Meditation is a kind of open inquiry into the living reality Here / Now—not opposing anything, not trying to achieve anything. There is no method in this approach, no set of instructions to follow. It is a pathless path, an open discovery, ever-fresh, ever-new. In Zen, the only instruction you may get in the beginning is to just sit down and see what happens.

Can you hear the bird singing, cheep-cheep-cheep? And the whoosh-whoosh-whoosh of the traffic? The sound of the airplane passing overhead? Can you feel the breathing and all the different sensations throughout the body? Can you see the thoughts that pop up, the headlines they deliver, the stories they tell, the conclusions they assert? Can you sense the spaciousness of the listening presence, the awareness, that you are? Is it possible right now to be awake to this whole undivided happening just as it is?

True meditation can happen on the city bus while riding to work or in a waiting room before an appointment. It can happen while stuck in a traffic jam or while sitting quietly at home in an armchair. It can happen on an airplane or on a park bench. It can happen while walking through nature or while walking through the city. It can happen in your kitchen or in a prison cell, in a hospital bed or at the office. It can happen with eyes open or closed, in the lotus position or stretched out in a recliner, in solitude or in the midst of a crowd. It can happen in formal meditation or it can happen spontaneously and unexpectedly while drinking a cup of coffee or sitting at a stop light. It can be a few seconds, a few minutes, a few hours—it is outside of time. It is always Now.

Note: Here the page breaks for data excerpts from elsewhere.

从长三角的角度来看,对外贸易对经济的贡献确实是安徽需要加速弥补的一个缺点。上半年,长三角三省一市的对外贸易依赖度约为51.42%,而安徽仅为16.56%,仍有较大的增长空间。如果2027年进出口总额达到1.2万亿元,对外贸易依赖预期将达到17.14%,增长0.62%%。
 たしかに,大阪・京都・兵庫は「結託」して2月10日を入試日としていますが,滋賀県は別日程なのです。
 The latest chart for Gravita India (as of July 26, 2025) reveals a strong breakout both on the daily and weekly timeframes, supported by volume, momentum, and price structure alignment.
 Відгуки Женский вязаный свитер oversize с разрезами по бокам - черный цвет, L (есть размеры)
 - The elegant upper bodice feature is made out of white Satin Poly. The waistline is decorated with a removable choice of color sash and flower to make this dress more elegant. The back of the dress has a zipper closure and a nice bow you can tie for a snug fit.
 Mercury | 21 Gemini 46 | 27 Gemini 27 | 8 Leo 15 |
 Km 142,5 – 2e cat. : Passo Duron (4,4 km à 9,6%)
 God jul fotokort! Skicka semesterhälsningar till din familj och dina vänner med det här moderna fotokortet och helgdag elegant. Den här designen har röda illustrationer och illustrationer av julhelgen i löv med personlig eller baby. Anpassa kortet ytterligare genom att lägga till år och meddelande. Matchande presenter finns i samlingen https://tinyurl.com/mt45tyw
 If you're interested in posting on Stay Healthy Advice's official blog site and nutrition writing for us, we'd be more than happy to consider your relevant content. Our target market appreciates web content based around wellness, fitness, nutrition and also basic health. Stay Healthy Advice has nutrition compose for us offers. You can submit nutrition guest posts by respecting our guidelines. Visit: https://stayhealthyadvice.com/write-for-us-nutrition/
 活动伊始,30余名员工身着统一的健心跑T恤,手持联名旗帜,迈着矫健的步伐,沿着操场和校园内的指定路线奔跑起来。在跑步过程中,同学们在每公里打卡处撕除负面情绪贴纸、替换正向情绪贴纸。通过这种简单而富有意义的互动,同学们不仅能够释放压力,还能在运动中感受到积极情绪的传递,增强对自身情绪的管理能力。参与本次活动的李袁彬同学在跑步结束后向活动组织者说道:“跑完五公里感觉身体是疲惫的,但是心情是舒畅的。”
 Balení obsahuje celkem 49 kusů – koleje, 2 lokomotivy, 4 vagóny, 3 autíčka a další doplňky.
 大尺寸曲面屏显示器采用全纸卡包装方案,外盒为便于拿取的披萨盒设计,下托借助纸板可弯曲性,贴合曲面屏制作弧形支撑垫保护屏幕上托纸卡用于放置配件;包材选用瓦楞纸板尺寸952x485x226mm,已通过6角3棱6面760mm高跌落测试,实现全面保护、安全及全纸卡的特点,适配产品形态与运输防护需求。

Formal (i.e. deliberate, intentional) meditation, if you strip away all the whistles and bells that often get added on, is nothing more or less than a kind of simplified space where we stop all our usual activity (all the talking and doing) and simply be here. We put down the books and magazines, the smart phones and tablets, we turn off the TV and the computer and the music, and we sit quietly doing nothing. Simply being this awake presence, this present happening. By slowing things down and stripping away all that typically demands our attention, energy can gather Here / Now in bare presence and awareness. We begin to notice the ever-changing non-conceptual happening of this moment in ever more subtle ways—the sounds of traffic, the sensations in the body, the smell of rain, the breathing, the chirping of a bird. We may begin to actually feel the spaciousness and the fluidity of what’s here before we think about it. And we may notice that every sound, every color and shape, every sensation, every thought, every breath appears Here / Now in this vast unbound space of awareness.

This is just what I mean when I so often say that all that is needed is to keep still. It is Heidegger’s “openness to Being”, Eckhart’s Abgeschiedenheit; the essence of both the mystical and the philosphical understanding of Gelassenheit. In other words, just sitting still. The “vast unbound state of awareness” is not a thing to achieve, an accomplishment of some kind. It is no thing: it is always there, now. If it made any sense (it doesn’t) to ascribe to it intentionality, you could say it is “always waiting to reveal itself”. I would want to say that it is, now; and that we merely miss it, always thinking, as we do, of then.

What is it? If I may be permitted to use nouns (they’re not really the right things, but we’ll have to do our best with what we have) then it is the ground of being itself, open, dimensionless, before space or time, before extent or becoming: Istigkeit (Huxley) – that which solely is.

The trouble with all these words, of course, is that helpful though they set out to be, they actually obscure as much as they illuminate. The only illumination is Now; present, but without duration. Oh, do just sit still – it will explain itself.